- TASK INSTRUCTIONS -
Return the listing below unchanged, except that the pictures are dropped.
Content starts
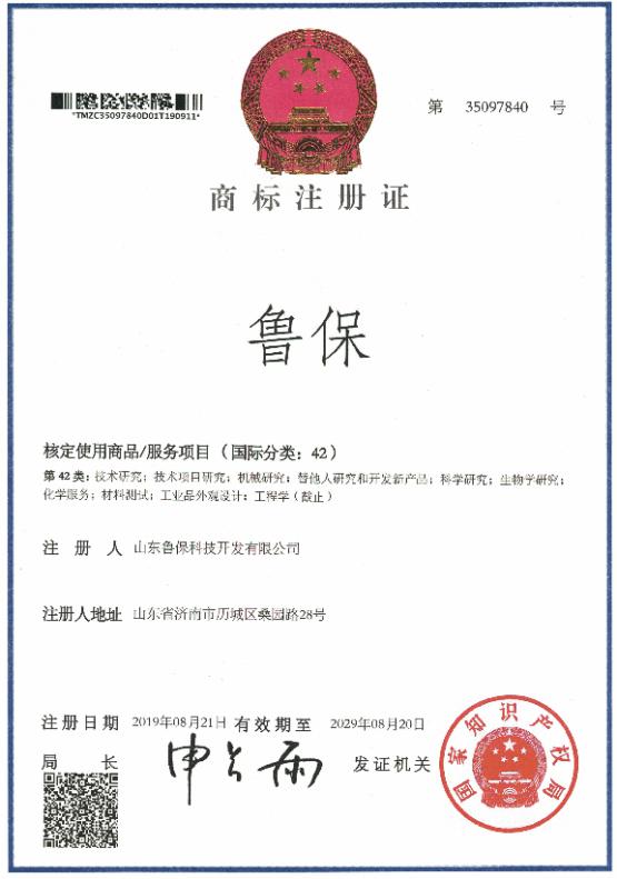 山东鲁保科技开发有限公司注册了“鲁保”商标。有效期至2029年8月20日
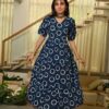 Multicolor Zigzag Printed Cotton Maxi Dress with Puff Sleeves ? Trendy Casual & Party Wear
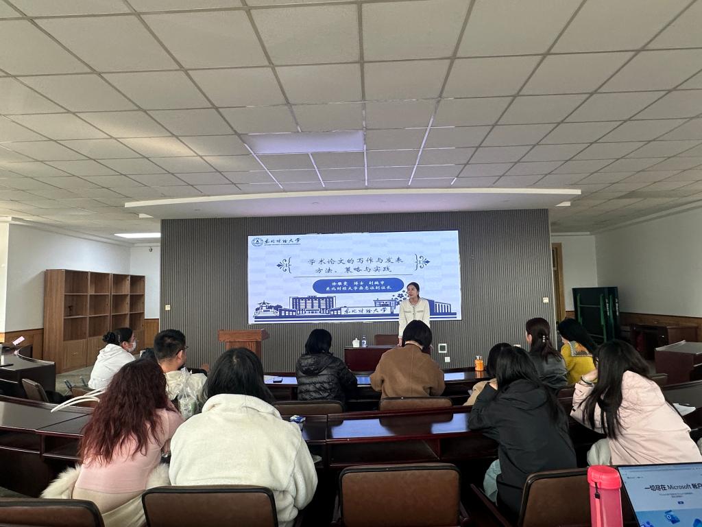 为提升研究生学术论文撰写质量与期刊投稿命中率,扎实推进学位论文指导工作,经济与管理学院特邀东北财经大学杂志社副社长徐雅雯博士(副编审)来院,举办学术论文写作与发表专题指导讲座。学院院长王蓉、副院长刘铁民及全体专任教师、部分研究生代表参加活动,讲座由刘铁民副院长主持。本次讲座紧扣经管学科研究生论文写作与发表实际需求,设置专题分享、论文指导、现场答疑三大环节,内容专业务实,针对性强。
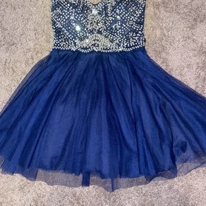 Short Blue prom dress worn once. Sewed on clear straps. The size is 3/4. It zips up and has a tie in the back.
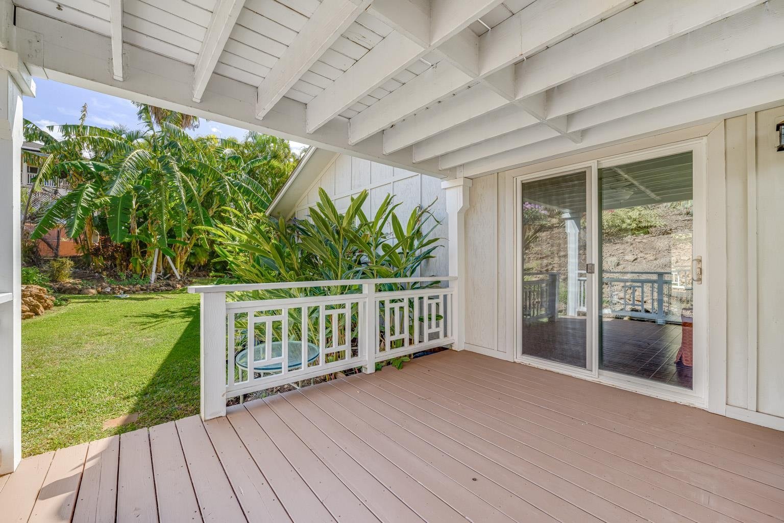 This Maui Meadows property with an ocean view boasts 4 bedrooms and 4 bathrooms, kitchen, family room and a downstairs game room. In addition, the new Ohana (completion 2021) provides for income opportunities or just that extra space for company. Nestled in mature foliage with room for a pool, this home is perfect for entertaining.
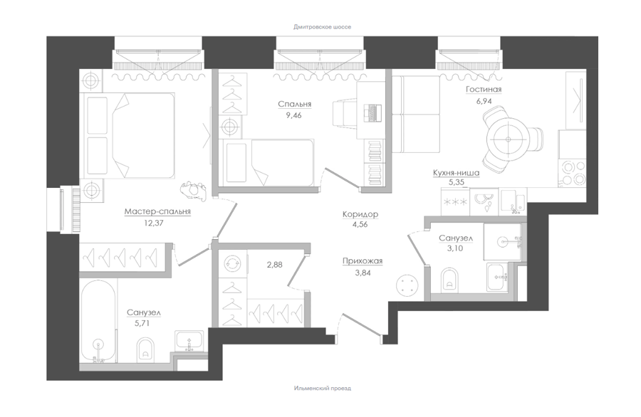 На расстоянии не более одного километра от ЖК представлены обширные зеленые зоны, включая парк Лихоборка и парк имени Федорова
Content ends
- RESULT -
 山东鲁保科技开发有限公司注册了“鲁保”商标。有效期至2029年8月20日
 Multicolor Zigzag Printed Cotton Maxi Dress with Puff Sleeves ? Trendy Casual & Party Wear
 为提升研究生学术论文撰写质量与期刊投稿命中率,扎实推进学位论文指导工作,经济与管理学院特邀东北财经大学杂志社副社长徐雅雯博士(副编审)来院,举办学术论文写作与发表专题指导讲座。学院院长王蓉、副院长刘铁民及全体专任教师、部分研究生代表参加活动,讲座由刘铁民副院长主持。本次讲座紧扣经管学科研究生论文写作与发表实际需求,设置专题分享、论文指导、现场答疑三大环节,内容专业务实,针对性强。
 Short Blue prom dress worn once. Sewed on clear straps. The size is 3/4. It zips up and has a tie in the back.
 This Maui Meadows property with an ocean view boasts 4 bedrooms and 4 bathrooms, kitchen, family room and a downstairs game room. In addition, the new Ohana (completion 2021) provides for income opportunities or just that extra space for company. Nestled in mature foliage with room for a pool, this home is perfect for entertaining.
 На расстоянии не более одного километра от ЖК представлены обширные зеленые зоны, включая парк Лихоборка и парк имени Федорова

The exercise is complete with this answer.